Many DSLR cameras have an exposure mode selection that is essentially a DOF priority mode, much like aperture priority or shutter priority. On my Canon cameras it is called A-DEP for automatic depth-of-field. What A-DEP does is automatically choose an f/stop that will maximize the DOF for most of what is in the scene. It then chooses an ISO and shutter speed that will give correct exposure.
In both of these cases, either manual setting of f/stop or A-DEP, you are likely to end up with a small aperture and long shutter speed, because you will want the maximum DOF to ensure your woodworking piece is in total focus. Long shutter speed means camera blur unless a tripod is used, and that is why a tripod was listed as necessary equipment in Part 1. Almost all the photographing we will do as a “woodworker photographer” will be with a tripod.
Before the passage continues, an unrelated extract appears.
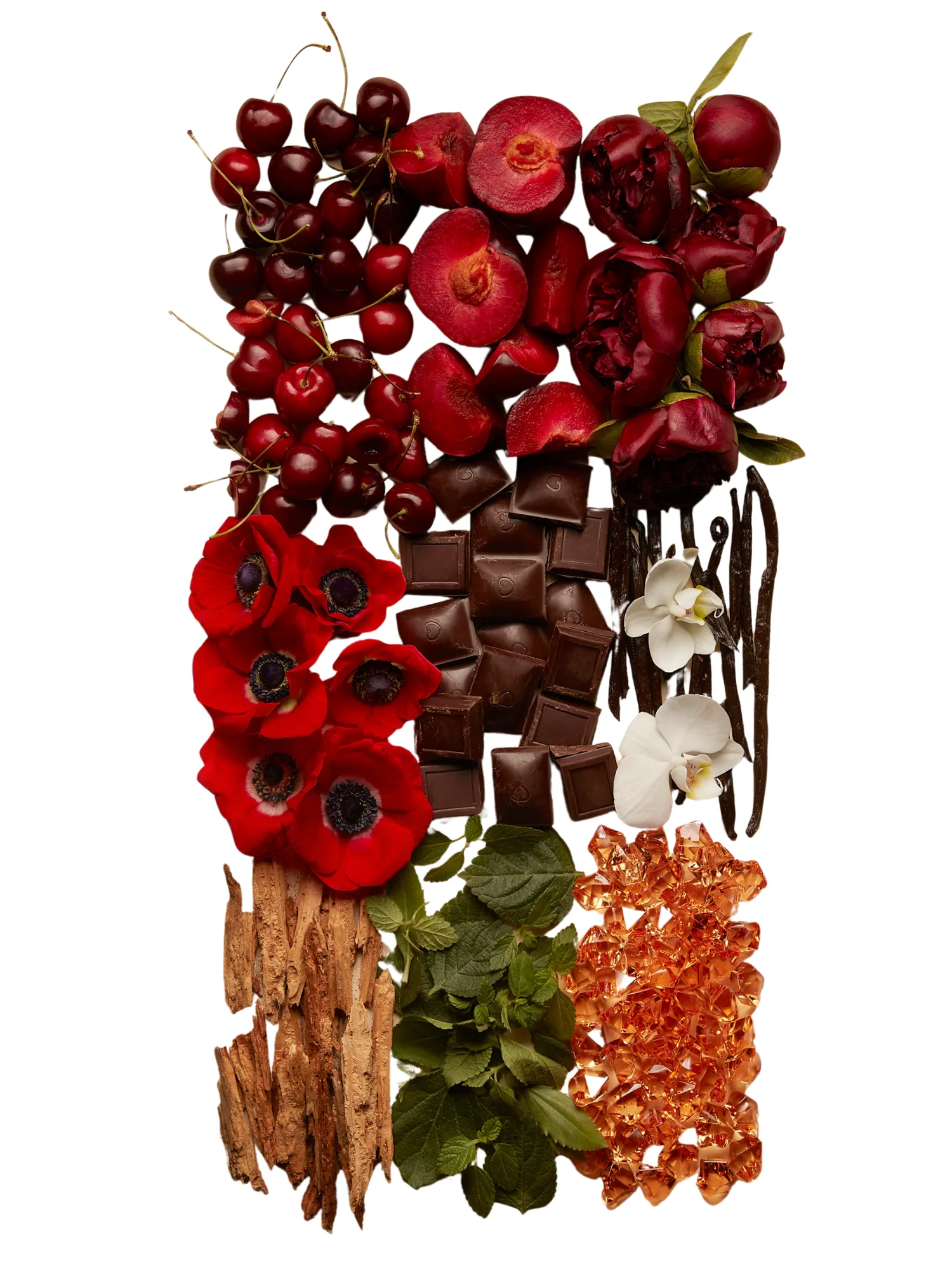 Au cœur, un bouquet de pavot rouge et de pivoine apporte une touche féminine et délicate, avant de céder la place à la chaleur sensuelle de la vanille orchidée et du musc. Le résultat : un parfum addictif, aussi espiègle que romantique, qui laisse derrière lui un sillage de pure séduction.
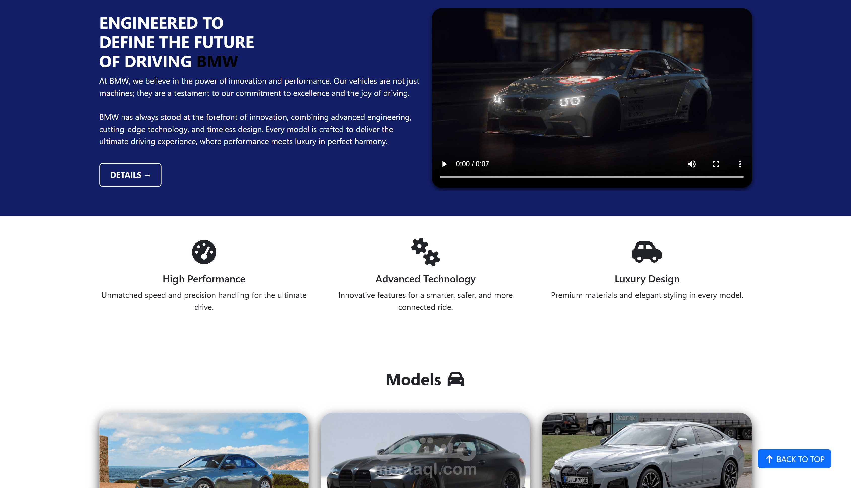 A modern and responsive BMW-inspired frontend website showcasing premium design and smooth user experience.

While we are still on SLR features, many of the new DSLRs have a feature that allows you to see the image on the LCD instead of the viewfinder. On the Canon this is called Live View. Normally, when shooting hand held, I would never use this feature. But it does come in handy when the camera is mounted on a tripod, especially when the height of the viewfinder ends up higher or lower than eye level. It also allows both manual and auto focus. In addition, for manual focus, you can zoom the LCD 5X or 10X for easier and more accurate focusing. This is a really nice feature when shooting on a tripod.
ISO – As In Film Speed
ISO is an acronym for International Standards Organization (more precisely International Organization of Standards). In photography it refers to the standards adhered to by film manufacturers or digital camera manufacturers. Remember when you went to the drug store and bought ASA 100 film for outdoor shooting, or ASA 400 for indoor shooting? Well, ASA and ISO are equivalent arithmetic scales that define the amount of light a film required for correct exposure. ASA or ISO 100 film required twice as much light for correct exposure as did ASA or ISO 200, and four times as much as ASA or ISO 400. When digital cameras came along the manufacturers adhered to the same ISO standards for adjusting the “sense amp” levels on sensors. Don’t let the technical term “sense amp” throw you, it simply means sensitivity.
Three factors decide correct exposure: ISO setting, f/stop setting and shutter speed. Like f/stop and shutter speed, discussed in Part 2, ISO settings come in standard values as shown below:
100, 200, 400, 800, 1600, 3200, 6400, 12800
Some cameras may eventually go much higher than ISO 12800, but for now it is pretty much a useless setting save for emergencies. There are two things that should be obvious from this progression of numbers. First, each one is twice the previous in numerical value. Second, this doubling/halving relationship is very much like shutter speed and f/stop full steps. This is not a coincidence. As you go up in ISO, each step in value requires half the light for correct exposure as the previous value, and just the opposite as you go down. So for any lighting condition there is a very large combination of ISO, f/stop and shutter speed that will satisfy exposure. The photographer chooses different combinations depending on the artistic effect he or she is trying to produce in a print.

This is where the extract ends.